Top tips for making a healthy work space

If you are finding that your energy lags and you are losing enthusiasm for your job, then it could be your work environment needs improving. You don't have to be a company director or wealthy to create a healthy and eco-friendly workplace, because small efforts can make all the difference. Whether you work in a large office or at home, your work space will have a great impact on your mood and health. Here are some tips that are quick and easy to incorporate.


Most local authorities have recycling schemes so make sure that your work place is taking full advantage of the recycling available to you. It is a good idea to keep two bins under your desk: one for paper and card and the other for plastics and non-recyclables. Don't forget that envelopes with windows cannot be thrown in with the paper rubbish. Try to watch your printing habits as it is so easy to create your own personal paper mountain. It is quick and easy to staple together scrap paper into a notepad. Only print out documents that you really need so think before pressing the print button and encourage other people to do the same by putting the message - Do you really need to print this email? as part of your email signature.

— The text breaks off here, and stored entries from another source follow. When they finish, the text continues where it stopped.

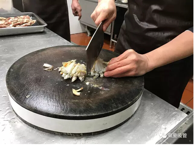 13、螃蟹宰殺完畢后放菜板將蟹腳去除,大腳砍成三段、小腳砍成兩段。
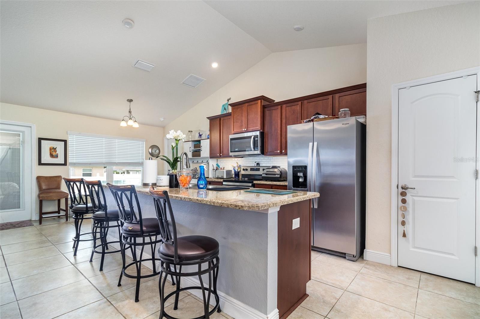 Bem-vindo a esta impressionante casa construída em 2019, aninhada na comunidade tranquila e fechada de St. James Park. Esta espaçosa residência de 4 quartos e 3 banheiros oferece uma planta de piso cuidadosamente projetada com uma garagem de 2 carros e transborda com charme e conforto modernos. Entre para encontrar um layout de conceito aberto, com tábuas de vinil de luxo e piso de azulejos de cerâmica, com uma grande sala leve e arejada destacada por tetos abobadados. A grande área de jantar flui perfeitamente para uma cozinha elegante, equipada com utensílios de aço inoxidável, uma despensa e uma ilha de grandes dimensões com bar de café da manhã, perfeita para refeições casuais ou divertidas. A suíte master privada é um verdadeiro refúgio com tetos de bandeja, um generoso closet, vaidades duplas, um armário de linho e um chuveiro. Destaques adicionais incluem uma lavanderia interior, um Lanai, ideal para relaxar e um quintal totalmente cercado com um galpão de armazenamento para maior conveniência. Situado a poucos minutos dos restaurantes, compras, no centro de Ocala e apenas 15 minutos até o centro equestre mundial. Esta casa oferece tranquilidade e uma localização privilegiada. Arruela e secadora transmitem !!! Não perca a oportunidade de fazer esta casa pronta para se mover a sua. Agende sua exibição hoje!
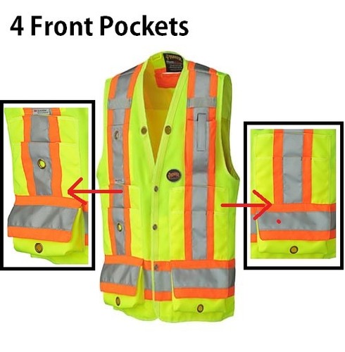 Yellow Safety Vests With 2 Pockets Yellow safety vest with one front pocket, one inside pocket, front velcro closure, and 4 inch reflective orange/ grey tape. Double wall construction with abrasion resistant polyester. Padded belt with leather trim, ... Read Document
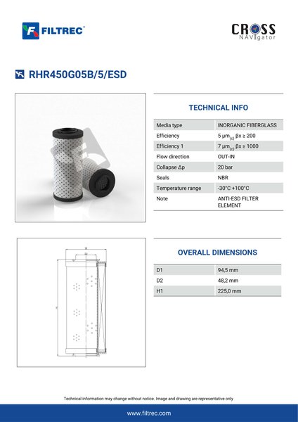 Genuine Filtrec RHR450G05B/5/ESD. This Filtrec element is designed to meet or exceed the quality and performance of brand OEM’s ensuring superior filtration performance and long-lasting durability.Engineered with their high performance media and a durable design, the RHR450G05B/5/ESD provides reliable and consistent performance over its lifespan, even in harsh operating environments. When you order from FilterFinder, you can trust that you are getting a reliable and high-quality replacement filter that will keep your system running smoothly.
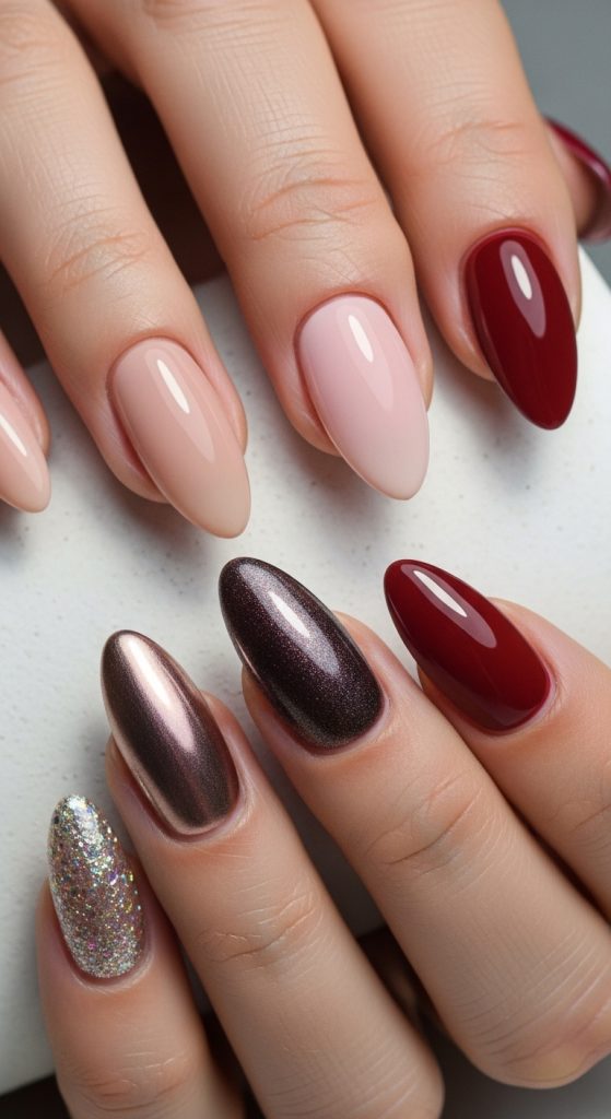The right color and finish can elevate almond nails from simple to sophisticated. Neutral tones such as nude, beige, and soft pink highlight the nail’s natural shape, giving a classy and understated look. Darker shades like deep reds, burgundy, and navy add a luxurious feel, especially for evening occasions.

Printing double sided will immediately cut your printing in half and is far less wasteful. If you can, use the fast printing option as you will also save on the amount of ink you use. 

Natural Light

If possible try to make sure that your workplace temperature is set to a realistic level for the season. If you are wearing short sleeves in winter then you should ask to turn the heating down. If you are cold in summer, the air-conditioning thermostat is set too high. Even a few degrees can make an enormous difference in saved kilowatts. Faulty heating and air-conditioning units are the prime cause of Sick Building Syndrome so make sure they are serviced regularly and open a window to get some fresh air.

Natural light is a natural free gift that is much better for your health than artificial light. So if you sit next to a window, ask yourself whether you really need to have the lights on. The odds are that you can see perfectly well with them turned off. Also consider whether the office lights need to stay on all night when the building is empty. If businesses simply turned off the lights out of working hours, millions of pounds of energy would be saved and light pollution in cities drastically reduced. During 2015 for one night the whole of the city of Sydney in Australia turned off their office lights to prove this point.

Energy efficient lighting

If you work from home by simply replace standard light bulbs with energy efficient ones and this will reduce your energy bill. In larger offices, replacing old fluorescent lights with new energy efficient types will not only save fuel but improve the health of the occupants. Thousands of working hours are lost each year due to stress, eye-strain and headaches caused by bad lighting. So even if your employer has not yet taken up the green challenge, they should understand the benefits to their business of a happy and healthy workforce.


Most people spend a great deal of time at work so it should be a pleasant and inspiring place to be. The colours in your environment will have a great impact on your emotional and mental health, so take a look at the colours around you. Light colours reflect more natural light and are best in places where you spend many hours. Cool colours help fight stress if you work in a claustrophobic or hectic atmosphere.  

Warm colours are more welcoming and emotionally supportive. They are best suited to large cold spaces and factory floors or where there is an impersonal atmosphere. Dramatic colours can be inspirational and relieve boredom at work but these can also be disturbing so should be restricted to doors and other architectural features. Strong bright colours also work well in areas where there is movement, such as an entranceway, reception, corridor, stairs, studio or gym.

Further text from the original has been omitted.